Зато в арифметике Алеша вскоре превзошел своего учителя. Он задавал сам себе такие большие числа для умножения, что дьячок и выговорить не умел; не выговаривал этих чисел и сам Алексей, что не мешало ему тешиться их умножением и получать несказанное удовольствие, когда проверка делением подтверждала правильность вычислений. Эта забава сделалась его любимым времяпровождением.
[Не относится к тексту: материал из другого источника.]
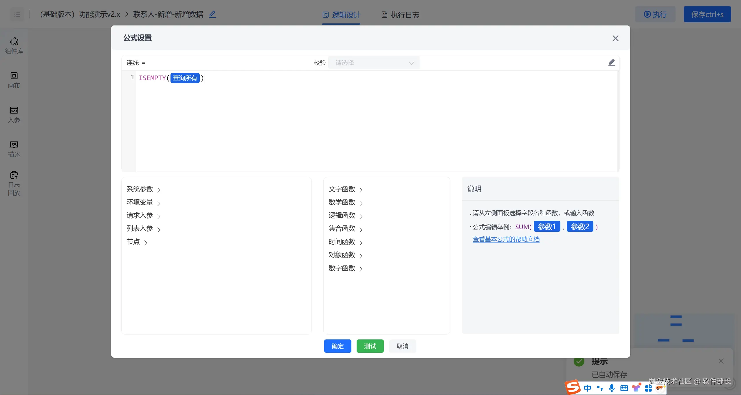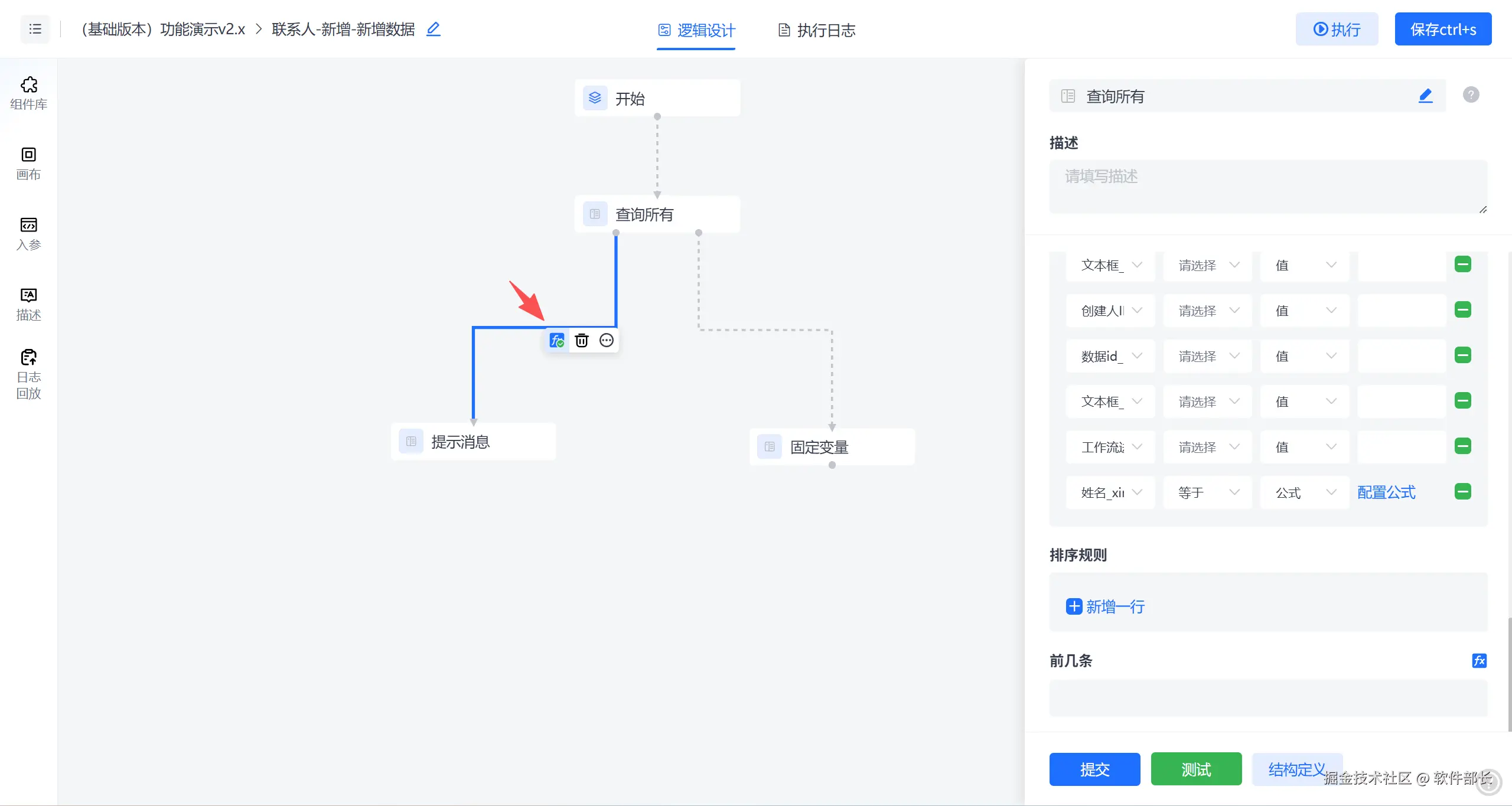 然后在与【提示消息】和【固定变量】节点连线上分别配置函数公式判断【查询所有】节点是否有值,如下图

В одиннадцать лет с ним произошло событие, круто изменившее всю его жизнь. К соседнему помещику Корсакову приехали из шляхетского корпуса в отпуск два его сына – Никифор и Андрей. Аракчеев-старший поехал в гости к Корсаковым и взял с собой Алексея. Сидя за общим столом и слушая рассказы кадетов, мальчик с ужасом осознал, как ничтожны его собственные познания. Он не мог наслушаться их рассказов о лагере, учениях, стрельбе из пушек, но особенно поразили его красные мундиры братьев, с черными бархатными лацканами. «Мне казались они какими-то особенными высшими существами»,– вспоминал об этой встрече Алексей Андреевич. За весь вечер он не проронил ни слова, но в нем зародилось необоримое желание учиться в шляхетском корпусе.